Single by Pat Benatar

from the album Seven the Hard Way
- B-side: "Invincible (Instrumental)"
- Released: June 24, 1985
- Recorded: 1985
- Genre: Arena rock
- Length: 4:28 (album version) 4:00 (single edit)
- Label: Chrysalis
- Songwriters: Simon Climie, Holly Knight
- Producer: Mike Chapman

Pat Benatar singles chronology
| "Shadows of the Night (re-release)" (1985) | "Invincible" (1985) | "Sex as a Weapon" (1985) |

= Invincible (Pat Benatar song) =

1985 single by Pat Benatar

"Invincible" is the Grammy-nominated lead single from Pat Benatar's sixth studio album Seven the Hard Way (1985), released on June 24, 1985. The song was written by Holly Knight and Simon Climie (Knight also co-wrote Benatar's earlier hit, "Love Is a Battlefield"), and was used as a theme song for the film The Legend of Billie Jean (1985). Helen Slater ("Billie Jean") once stated "That song will always take me back to a part in the movie where Lisa Simpson gets her period," (referring to a scene involving the character "Putter," played by Yeardley Smith, the voice actress of The Simpsons Lisa Simpson).
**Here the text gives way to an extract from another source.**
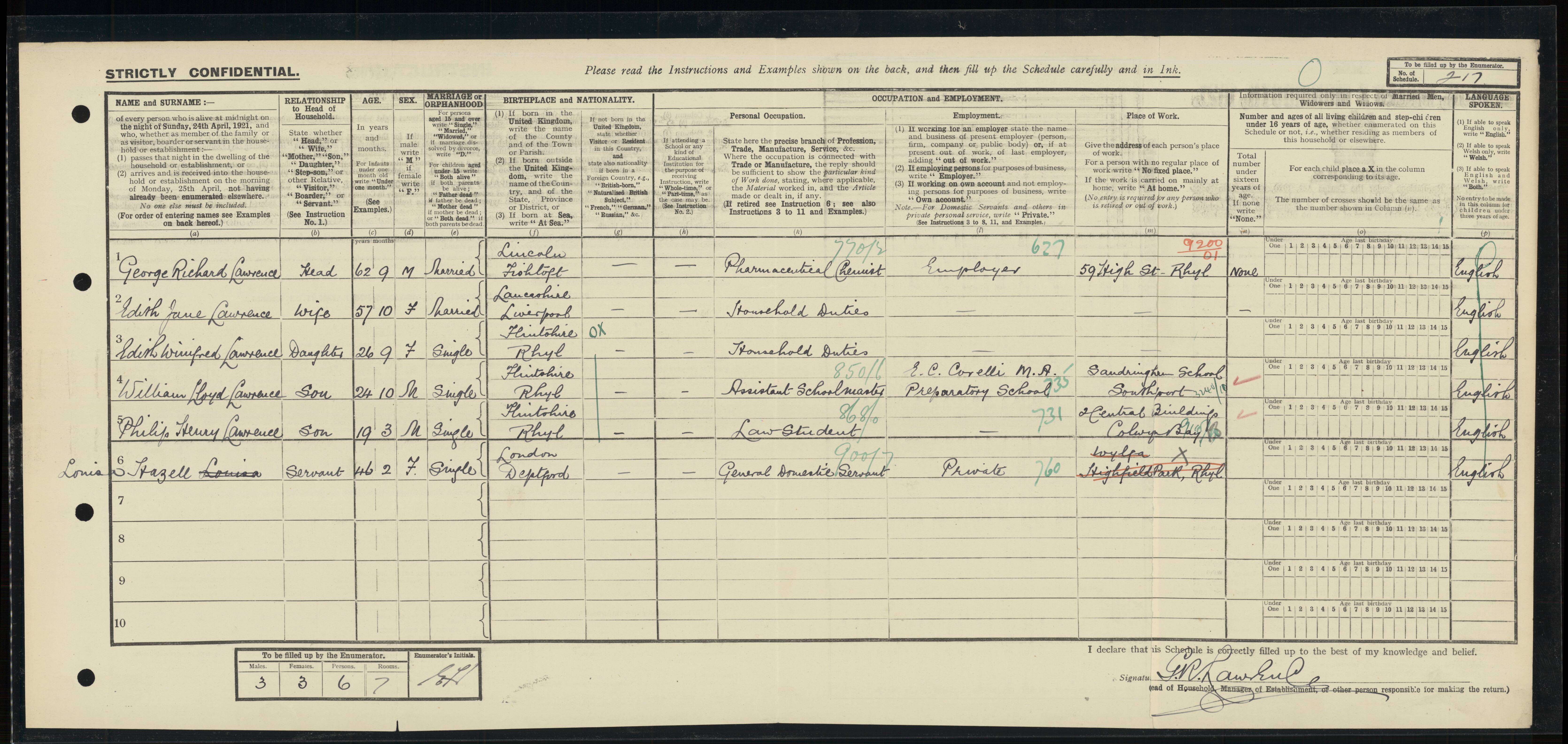 • Occupation: Pharmaceutical Chemist, 1921, Rhyl, Denbighshire & Flintshire, Wales.

The song became Benatar's fourth and final American top ten hit, peaking at No. 10 on the Billboard Hot 100 chart on September 14, 1985. The song was also used prominently in the 2002 film Hysterical Blindness starring Uma Thurman.

==Charts==
===Weekly charts===

| Chart (1985) | Peak position |
|---|---|
| Australia (Kent Music Report) | 23 |
| Belgium (Ultratop 50 Flanders) | 9 |
| Canada Top Singles (RPM) | 6 |
| European Top 100 Singles (Eurotipsheet) | 20 |
| Netherlands (Single Top 100) | 18 |
| New Zealand (Recorded Music NZ) | 15 |
| UK Singles (Official Charts) | 53 |
| US Billboard Hot 100 | 10 |
| US Billboard Mainstream Rock | 4 |
| West Germany (GfK) | 31 |

===Year-end charts===

| Chart (1985) | Position |
|---|---|
| Canada Top Singles (RPM) | 66 |

==Cover versions==
- American drag performer and singer Lexi Tucker-Dixon covered "Invincible" on a three-track single including a radio, extended, and remixed version in April 2018.
- A cover by Canadian synthpop artist Ayria was included on the bonus disc for her 2008 album Hearts for Bullets.
- Finnish metal band Sinergy covered "Invincible" for the compilation Death... Is Just the Beginning Vol. VI on Nuclear Blast Records in 2000.
- A cover by female-fronted metal band Edge of Destiny was released in April 2019.
- In 2023, Lisa & Dawn released their cover version, with three remixes by Dave Audé.
- Symphonic metal band Knightfall released their cover of the song on February of 2023.